### [Brief]
Word for word, reproduce each line of the data below, omitting every image.

--- Material shown Enclosed Below ---

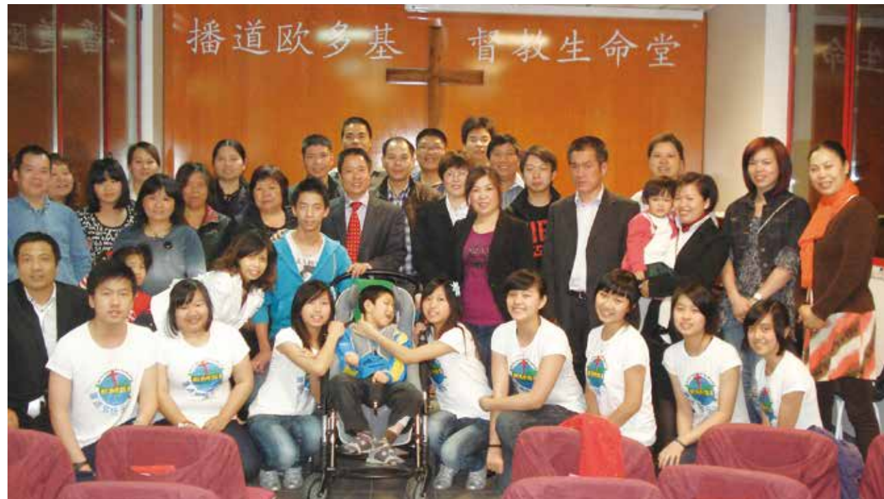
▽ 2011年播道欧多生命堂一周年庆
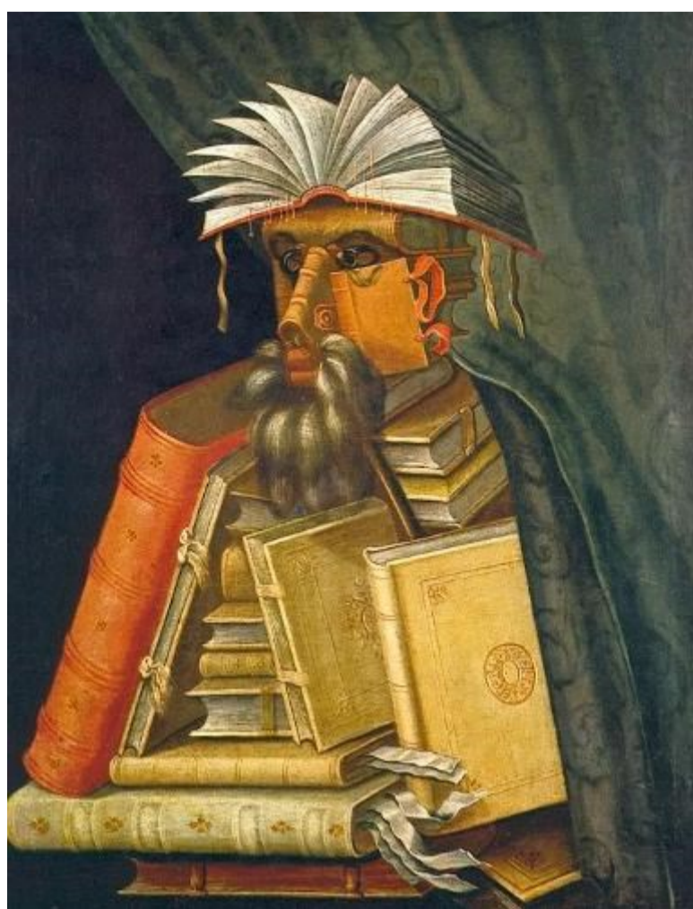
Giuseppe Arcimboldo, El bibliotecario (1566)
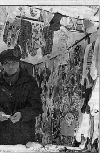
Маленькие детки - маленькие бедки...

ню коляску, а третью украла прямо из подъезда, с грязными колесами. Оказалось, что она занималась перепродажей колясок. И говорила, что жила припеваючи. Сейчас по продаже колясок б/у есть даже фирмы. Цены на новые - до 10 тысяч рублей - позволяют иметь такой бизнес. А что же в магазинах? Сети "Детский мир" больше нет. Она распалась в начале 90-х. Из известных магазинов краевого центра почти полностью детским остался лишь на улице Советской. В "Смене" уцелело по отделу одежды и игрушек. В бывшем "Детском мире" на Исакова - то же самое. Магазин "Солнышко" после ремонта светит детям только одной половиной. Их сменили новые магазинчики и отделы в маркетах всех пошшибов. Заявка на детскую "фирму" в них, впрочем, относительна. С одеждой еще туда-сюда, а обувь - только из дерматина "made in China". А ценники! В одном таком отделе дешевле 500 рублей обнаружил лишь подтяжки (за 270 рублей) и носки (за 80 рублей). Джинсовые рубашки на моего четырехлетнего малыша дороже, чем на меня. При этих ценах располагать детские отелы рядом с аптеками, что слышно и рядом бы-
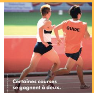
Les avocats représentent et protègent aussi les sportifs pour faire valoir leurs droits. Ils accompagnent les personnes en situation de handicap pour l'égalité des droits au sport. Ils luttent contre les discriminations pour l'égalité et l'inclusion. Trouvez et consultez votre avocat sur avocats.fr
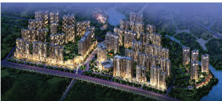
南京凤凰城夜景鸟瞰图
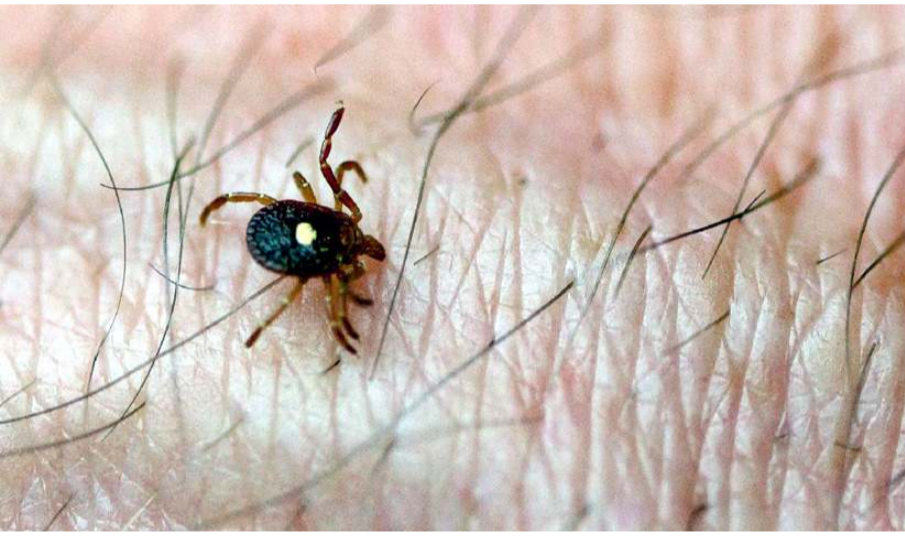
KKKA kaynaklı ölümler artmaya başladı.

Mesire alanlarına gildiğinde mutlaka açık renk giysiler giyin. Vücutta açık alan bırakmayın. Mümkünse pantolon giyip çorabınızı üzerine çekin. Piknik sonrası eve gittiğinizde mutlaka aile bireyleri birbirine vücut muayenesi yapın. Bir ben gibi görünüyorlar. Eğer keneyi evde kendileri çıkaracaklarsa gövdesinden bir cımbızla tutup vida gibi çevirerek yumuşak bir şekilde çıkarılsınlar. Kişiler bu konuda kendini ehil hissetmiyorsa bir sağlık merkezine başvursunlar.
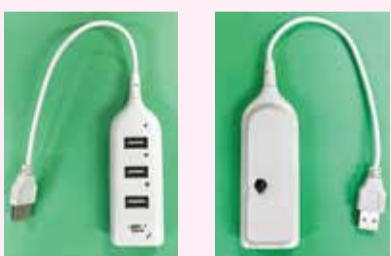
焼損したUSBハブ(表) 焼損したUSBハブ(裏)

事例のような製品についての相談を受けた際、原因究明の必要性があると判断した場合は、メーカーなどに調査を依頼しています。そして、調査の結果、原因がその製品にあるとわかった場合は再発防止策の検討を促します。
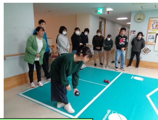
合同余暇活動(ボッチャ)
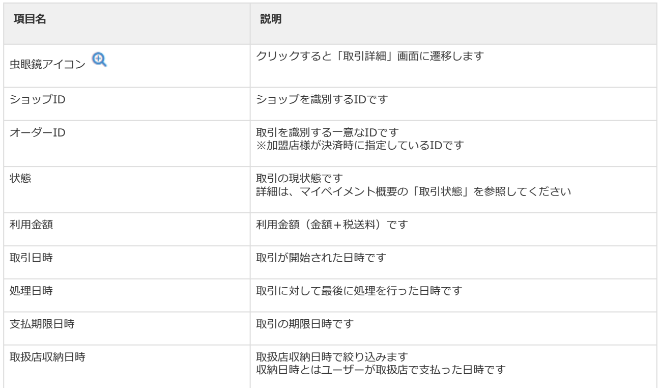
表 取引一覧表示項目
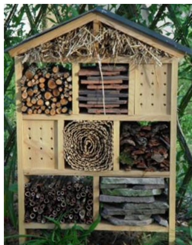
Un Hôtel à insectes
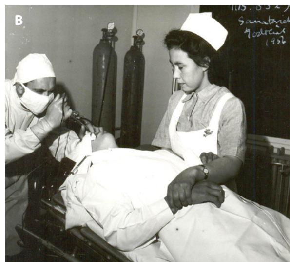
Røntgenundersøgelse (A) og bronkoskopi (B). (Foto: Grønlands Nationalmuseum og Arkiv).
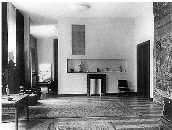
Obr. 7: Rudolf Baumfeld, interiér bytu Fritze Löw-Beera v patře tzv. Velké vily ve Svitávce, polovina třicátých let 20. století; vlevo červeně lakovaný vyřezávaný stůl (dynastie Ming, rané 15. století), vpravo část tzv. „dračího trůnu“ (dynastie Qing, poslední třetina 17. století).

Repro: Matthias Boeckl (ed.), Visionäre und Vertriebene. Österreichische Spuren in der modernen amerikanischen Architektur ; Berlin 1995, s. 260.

--- End of Enclosed Material shown ---

### [Task answer]
▽ 2011年播道欧多生命堂一周年庆
Giuseppe Arcimboldo, El bibliotecario (1566)
Маленькие детки - маленькие бедки...

ню коляску, а третью украла прямо из подъезда, с грязными колесами. Оказалось, что она занималась перепродажей колясок. И говорила, что жила припеваючи. Сейчас по продаже колясок б/у есть даже фирмы. Цены на новые - до 10 тысяч рублей - позволяют иметь такой бизнес. А что же в магазинах? Сети "Детский мир" больше нет. Она распалась в начале 90-х. Из известных магазинов краевого центра почти полностью детским остался лишь на улице Советской. В "Смене" уцелело по отделу одежды и игрушек. В бывшем "Детском мире" на Исакова - то же самое. Магазин "Солнышко" после ремонта светит детям только одной половиной. Их сменили новые магазинчики и отделы в маркетах всех пошшибов. Заявка на детскую "фирму" в них, впрочем, относительна. С одеждой еще туда-сюда, а обувь - только из дерматина "made in China". А ценники! В одном таком отделе дешевле 500 рублей обнаружил лишь подтяжки (за 270 рублей) и носки (за 80 рублей). Джинсовые рубашки на моего четырехлетнего малыша дороже, чем на меня. При этих ценах располагать детские отелы рядом с аптеками, что слышно и рядом бы-
Les avocats représentent et protègent aussi les sportifs pour faire valoir leurs droits. Ils accompagnent les personnes en situation de handicap pour l'égalité des droits au sport. Ils luttent contre les discriminations pour l'égalité et l'inclusion. Trouvez et consultez votre avocat sur avocats.fr
南京凤凰城夜景鸟瞰图
KKKA kaynaklı ölümler artmaya başladı.

Mesire alanlarına gildiğinde mutlaka açık renk giysiler giyin. Vücutta açık alan bırakmayın. Mümkünse pantolon giyip çorabınızı üzerine çekin. Piknik sonrası eve gittiğinizde mutlaka aile bireyleri birbirine vücut muayenesi yapın. Bir ben gibi görünüyorlar. Eğer keneyi evde kendileri çıkaracaklarsa gövdesinden bir cımbızla tutup vida gibi çevirerek yumuşak bir şekilde çıkarılsınlar. Kişiler bu konuda kendini ehil hissetmiyorsa bir sağlık merkezine başvursunlar.
焼損したUSBハブ(表) 焼損したUSBハブ(裏)

事例のような製品についての相談を受けた際、原因究明の必要性があると判断した場合は、メーカーなどに調査を依頼しています。そして、調査の結果、原因がその製品にあるとわかった場合は再発防止策の検討を促します。
合同余暇活動(ボッチャ)
表 取引一覧表示項目
Un Hôtel à insectes
Røntgenundersøgelse (A) og bronkoskopi (B). (Foto: Grønlands Nationalmuseum og Arkiv).
Obr. 7: Rudolf Baumfeld, interiér bytu Fritze Löw-Beera v patře tzv. Velké vily ve Svitávce, polovina třicátých let 20. století; vlevo červeně lakovaný vyřezávaný stůl (dynastie Ming, rané 15. století), vpravo část tzv. „dračího trůnu“ (dynastie Qing, poslední třetina 17. století).

Repro: Matthias Boeckl (ed.), Visionäre und Vertriebene. Österreichische Spuren in der modernen amerikanischen Architektur ; Berlin 1995, s. 260.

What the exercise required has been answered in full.